# My Router Screwed Itself!



## DonkeyHody (Jan 22, 2015)

I was setting up to route a shallow dado using my old Porter Cable 7518 in the table. Got the bit height set perfectly to my satisfaction and I hit the switch to turn the router on. I had forgotten to tighten the base clamp. The starting torque of the router instantly unscrewed the motor from the base. Down on the floor she went, where she writhed around a bit until I killed the power. Lucky for me, I was using a remote starter switch instead of the switch on the router itself. That would have put my hands too close to the falling motor and increased the temptation to try to catch it. As it was, the only harm done was that the bit shaved the insulation off about 6 inches of the power cord. Not quite enough to let the sparks out, but enough that I'll need to replace the cord. Now I gotta figure out a fail-safe to be sure that doesn't happen again.


----------



## difalkner (Jan 3, 2012)

Glad it didn't get your hands, Andy! 

David


----------



## Stick486 (Jan 4, 2013)

if you can cut the cord and put a cord cap on it..
build a step under the motor that limits it's travel..
remove the step to remove the motor..


----------



## DesertRatTom (Jul 3, 2012)

Good safeth tip there Stick.


----------



## jj777746 (Jan 17, 2015)

So glad you didn't try to catch it Andy,could have been a real bad scene


----------



## Cherryville Chuck (Sep 28, 2010)

It could have been worse. Without thinking it through I tried mounting my rack and pinion adjusting DW610 in my LV bench top table. First time I loosened the clamp it fell onto the bench.


----------



## Terry Q (Mar 2, 2017)

All good reasons to use router lifts


In woodworking there is always more then one way to accomplish something.


----------



## old55 (Aug 11, 2013)

Lucky no damage to yourself.


----------



## sunnybob (Apr 3, 2015)

Ditch the remote.
You only got lazy because you no longer have to put your hands near it to switch on.


----------



## hawkeye10 (Jul 28, 2015)

Andy, I guess things got lively for a few seconds? Kinda like this :surprise:. I am glad nothing really bad happened because it could have. Stick has a great idea, so maybe lay a brick or two under it.


----------



## DonkeyHody (Jan 22, 2015)

sunnybob said:


> Ditch the remote.
> You only got lazy because you no longer have to put your hands near it to switch on.


Sorry, I'm keeping the remote switch. I don't like the idea of fumbling around under the table searching for a switch that changes locations with bit height. The remote switch is in the same place every time, and it's quick and easy to find.


----------



## harrysin (Jan 15, 2007)

Yet another perfect reason to use PLUNGE routers in and out of tables. I Know that router has a sort of speed control but it sounds like it doesn't have soft start!


----------



## TenGees (Sep 12, 2012)

No utube video of you dancing around, Andy?

Glad you weren't hurt or damage your tool seriously.


----------



## DonkeyHody (Jan 22, 2015)

harrysin said:


> Yet another perfect reason to use PLUNGE routers in and out of tables.

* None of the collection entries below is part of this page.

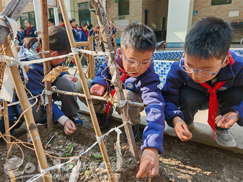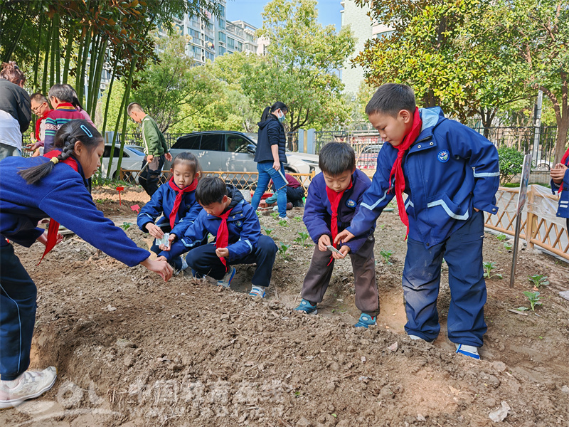 中国教育在线浙江站讯 (编辑 陈显婷 通讯员 朱清清)3月12日,杭州市闻涛小学的小农场里热闹非凡!“小浪花启新程”分地挂牌仪式正在这里举行。程老师一声令下,三年级的孩子们兴奋地领取了自己的“梦想之地”,将精心设计的标志牌挂了上去。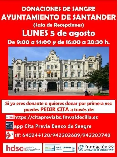 El Ayuntamiento de Santander acogerá este lunes, 5 de agosto, un punto de donación de sangre, gracias a la colaboración que mantienen el Consistorio santanderino con el Banco de Sangre y la Hermandad de Donantes de Cantabria, que necesitan sangre para los grupos A+, A-, 0- y 0+ con reservas bajas en la actualidad.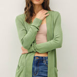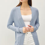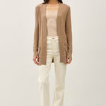 Open Front Cardigan with Rib Trim & Pockets

I Know that router has a sort of speed control but it sounds like it doesn't have soft start!


My router does have a soft start. But the starting torque was still enough to unscrew the motor from the wax-lubricated base. I have a Triton plunge router, which I prefer to this one, but the Triton has a panel-raising bit in it that I didn't want to re-set.


----------



## Herb Stoops (Aug 28, 2012)

I have my variable speed control/On/Off switch mounted to the front under the table edge on both my router tables and the router is in the ON position all the time on HI speed.

Herb


----------



## harrysin (Jan 15, 2007)

DonkeyHody said:


> My router does have a soft start. But the starting torque was still enough to unscrew the motor from the wax-lubricated base. I have a Triton plunge router, which I prefer to this one, but the Triton has a panel-raising bit in it that I didn't want to re-set.

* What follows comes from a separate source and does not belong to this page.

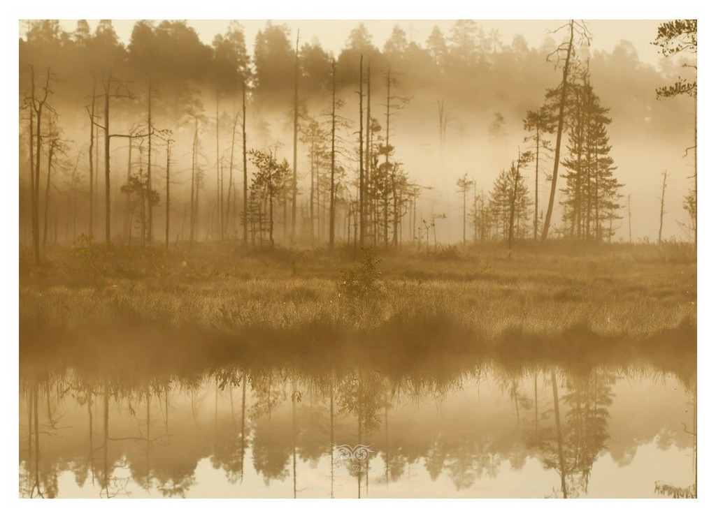 Fińska tajga o wschodzie słońca

Andy, I have always considered that the Triton was designed for table use, that being so, perhaps it's time to re-arrange things so that the Triton is under the table where I have mine.


----------



## reuelt (Dec 29, 2008)

*Please get a Proper NVR switch*



DonkeyHody said:


> Sorry, I'm keeping the remote switch. I don't like the idea of fumbling around under the table searching for a switch that changes locations with bit height. The remote switch is in the same place every time, and it's quick and easy to find.


Please get a Proper 110V NVR switch.
If there is a utility Power Failure, for SAFETY you want the tool to stay off when power suddenly returns.

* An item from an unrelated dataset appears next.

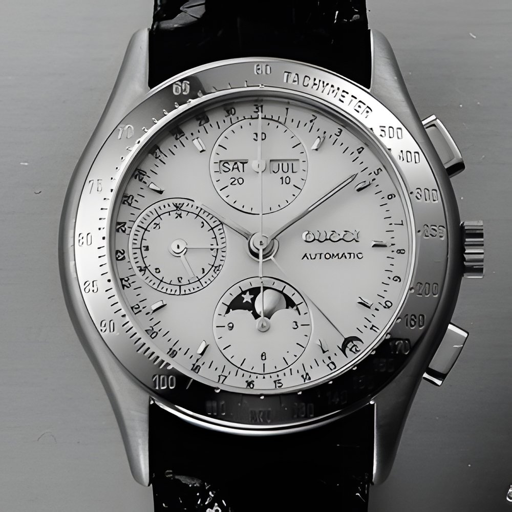 Derived from Gucci’s Model 730, the new chronograph “730M Automatique” design reflects current trends : stylish, sports-spirited look, seifwinding movement. Case water-resistant, polished bezel with engraved tachymeter indicator, indication of the hours, minutes and small second. Chronograph functions with 30 minutes’ and 12 hours counters. 24 hours hand, date indication by hand, day and month indications as well as moon phases showing in dial apertures. Crafted ¡n 18K gold, with domed sapphire crystal and transparent case back (sapphire), this model exemplifies the ever more pronounced refinement and technological development of the Gucci “18 Karat Gold Collection”. Genuine alligator strap. (GUCCI - Chronograph “730M Automatique”)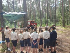 W dniu 22 lipca 2025 r. strażacy z Jednostki Ratowniczo – Gaśniczej KP PSP w Biłgoraju przeprowadzili pogadankę z uczestnikami obozu harcerskiego w miejscowości Smolnik gm. Tereszpol. Spotkanie zostało przeprowadzone w obecności kierownika obozu. Podczas pogadanki z harcerzami poruszono tematykę zagrożeń ze strony różnorodnych zjawisk atmosferycznych oraz prawidłowego zachowania w przypadku ewentualnej ewakuacji obozu. Przedstawione zostały również sposoby udzielania pierwszej pomocy medycznej poszkodowanym. W pogadance uczestniczyło 19 harcerzy oraz 3 opiekunów.

US $21.95 on ebay + freight.
https://www.ebay.com/itm/Electrical...574198?hash=item19e20b4e76:g:x38AAOxyOMdS8Uiy


----------



## DesertRatTom (Jul 3, 2012)

I'm also a fan of those paddle switches. I place them when possible where I can hit them with my leg or hip so I don't have to relese my grip on the workpiece or tool.


----------



## sunnybob (Apr 3, 2015)

Buy an NVR switch.

The safety factor of knowing that machine will not start up by itself after a power outage is the main factor, although the ease of just whacking the switch rather trying to push or pull a little lever is also a very good plus.

Another point in the NVR favour is that most ordinary switches like Andy's appears to be is that it only switches the live wire. The neutral is still connected. Its quite possible for a fault on another machine or part of the wiring to push live voltage back down the neutral wire, and suddenly your machine is live, just as youre changing a bit.


----------